Copy out exactly, from the entries that follow, the line holding "जनप्रतिनिधि र शिक्षक–कर्मचारीका", the line holding "魏新民董事長作為特邀嘉賓出席", and all lines between them, but no pictures.

SUPPLIED RECORDS:
⁂

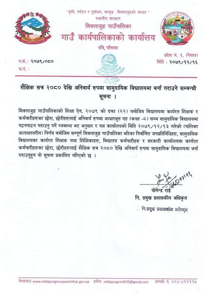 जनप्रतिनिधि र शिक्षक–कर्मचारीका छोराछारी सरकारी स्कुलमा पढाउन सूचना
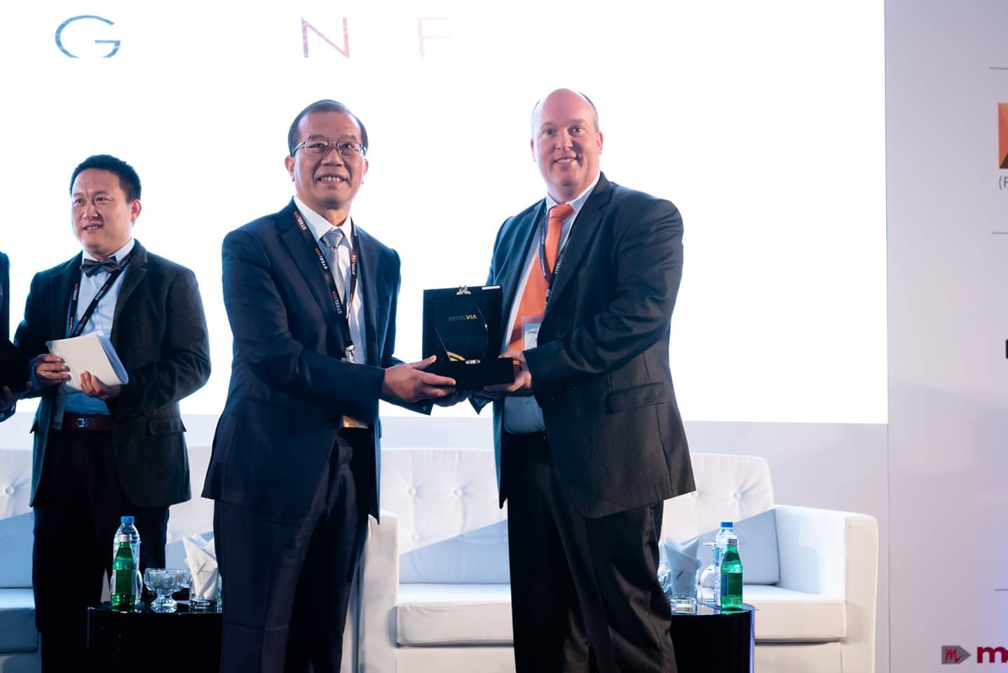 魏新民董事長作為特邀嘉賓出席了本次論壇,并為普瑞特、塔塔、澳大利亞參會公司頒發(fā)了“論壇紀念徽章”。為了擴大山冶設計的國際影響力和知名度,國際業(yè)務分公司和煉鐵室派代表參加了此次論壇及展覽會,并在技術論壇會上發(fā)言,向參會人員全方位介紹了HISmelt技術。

⁂

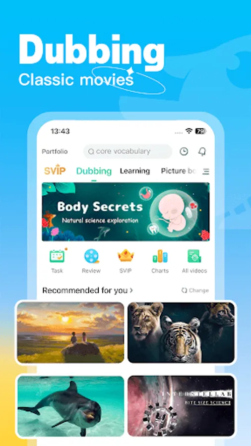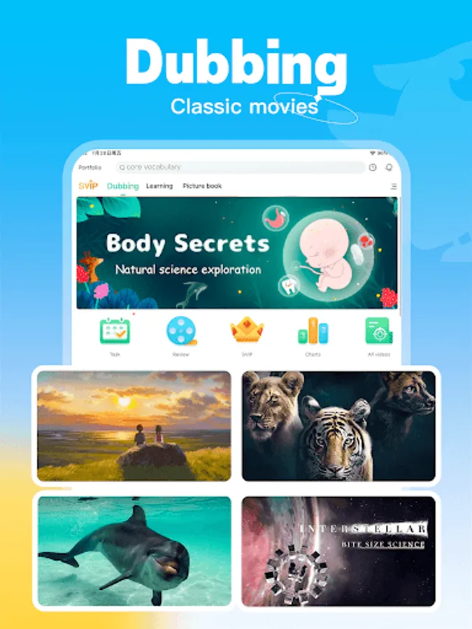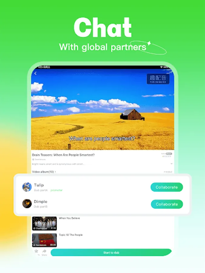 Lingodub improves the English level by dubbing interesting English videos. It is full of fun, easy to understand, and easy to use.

⁂

ANSWER:
 जनप्रतिनिधि र शिक्षक–कर्मचारीका छोराछारी सरकारी स्कुलमा पढाउन सूचना
 魏新民董事長作為特邀嘉賓出席了本次論壇,并為普瑞特、塔塔、澳大利亞參會公司頒發(fā)了“論壇紀念徽章”。為了擴大山冶設計的國際影響力和知名度,國際業(yè)務分公司和煉鐵室派代表參加了此次論壇及展覽會,并在技術論壇會上發(fā)言,向參會人員全方位介紹了HISmelt技術。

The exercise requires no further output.